Once in a burst of optimism, ill-founded as it turned out, we took an order for ten kilos of lavender seed. The seeds of the lavender in question, Lavandula stoechas, are like dust, and we spent weeks cutting plants in the hills, stuffing them into sacks, and emptying them onto our flat roof to dry in the sun. The whole roof was covered in a scented cloud of lavender. We dried it and tro
d it and sifted and fanned it, and little by little, grain by grain, the black pile of infinitesimal seeds started to appear. It was like panning for gold, because for each kilo we were to be paid £200. If we could achieve the full amount, then the boost to our fragile economy would be enormous.

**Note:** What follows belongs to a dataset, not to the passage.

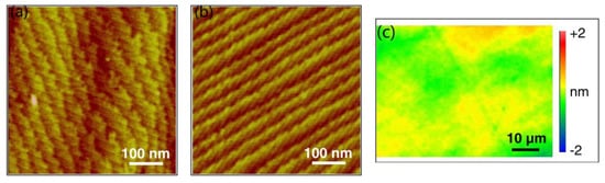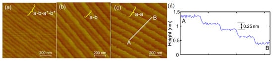 During the oxidation of 4H-SiC by plasma, Deng [45] found that the content of water vapor had a great influence on the density of •OH. When the content of water vapor in He was about 200 ppm, the concentration of •OH was the largest and the oxidation rate was the highest. When the concentration of water vapor was greater than 200 ppm, the concentration of •OH decreased with the increase in water vapor content. This was because at high water vapor content, the excited state of •OH was effectively quenched, which greatly reduced its density. As shown in Figure 18, three types of step/terrace structure were produced after 4H-SiC polished by the CeO2 slurry: a-a, a-b, and a-b-a*-b*. When the polishing rate (Rp) was lower than the oxidation rate (Ro), the a-b-a*-b* type was generated (Figure 18a). When the polishing rate was comparable to the oxidation rate, the a-b-a*-b* type changed to the a-b type, as shown in Figure 18b. In the case of the polishing rate becoming greater than the oxidation rate, a uniform a-a type was generated [46] and the step height was 0.25 nm (Figure 18d).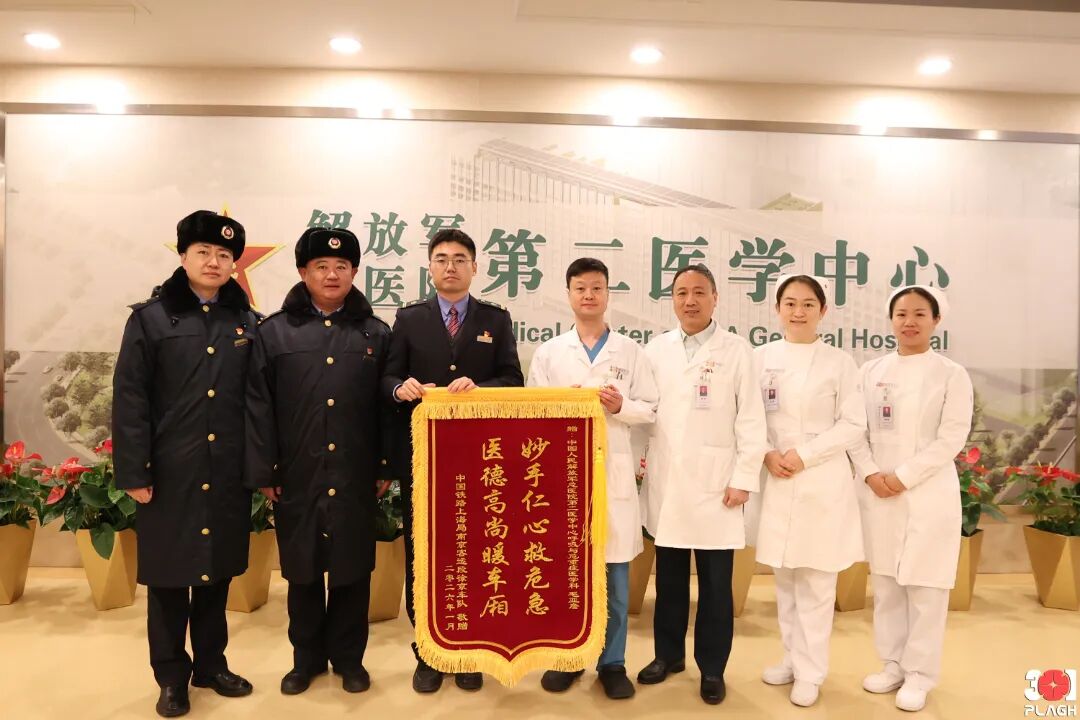 1月24日,上海铁路局南京客运段徐京车队党支部书记马璇东、列车长丁志庆、列车员孙忠强,专程从徐州奔赴北京,带着患者和家属以及铁路部门的诚挚谢意,来到解放军总医院第二医学中心,向毛亚詹同志献上锦旗。这份真诚的谢意,背后是一个“列车施救”的故事。

But we never did quite manage the order – like Zeno’s paradoxes, the pile of seeds accumulated at a slower and slower rate, and was periodically depleted by gusts of wind.
We might have despaired if Carl hadn’t come up with an even better route to financial security. We could collect an order of Moroccan broom instead. Now, Moroccan broom, or Cytisus battandieri, is a lovely plant – a big silver-leafed bush with sweet-scented yellow racemes draping down like wisteria blooms – and Carl had seen the most beautiful specimens carpeting the forest floor in a clearing just outside a small Middle Atlas town called Azrou. It would be easy to find, he assured me. He had jotted down some directions and drawn a map of sorts, and there would be no problem picking or shipping them out, as no restrictions existed between Morocco and Spain. He’d pay me the princely sum of £3,500 for ten kilos – and the same again the following year if all went according to plan.
Well, we were in no position to turn down an offer like that. So, at the end of August, which is just about when the broom starts to release its seeds, I crossed over to Tangier and took the night train to Fez, where I could pick up a bus to Azrou.
It was late morning and the heat at the Fez bus station seemed to come straight from the desert. At length I found the Azrou bus, clambered in and slid into a spare seat. It seemed about to leave, but there we sat, slowly baking in the midday sun, while passengers squeezed into the aisle until further movement was impossible. The sweat poured off me in rivers and my head was pounding by the time the driver climbed in and started the engine. He looked around at the multitude of passengers, eager for motion and air, then got out again and disappeared for another twenty minutes, leaving us half asphyxiated by fumes. Nobody seemed to mind, though, and eventually he returned and we set off slowly across the shimmering stony hills towards Azrou. The wind that came in through the window was so hot it seemed to shrivel the very hairs in my nostrils.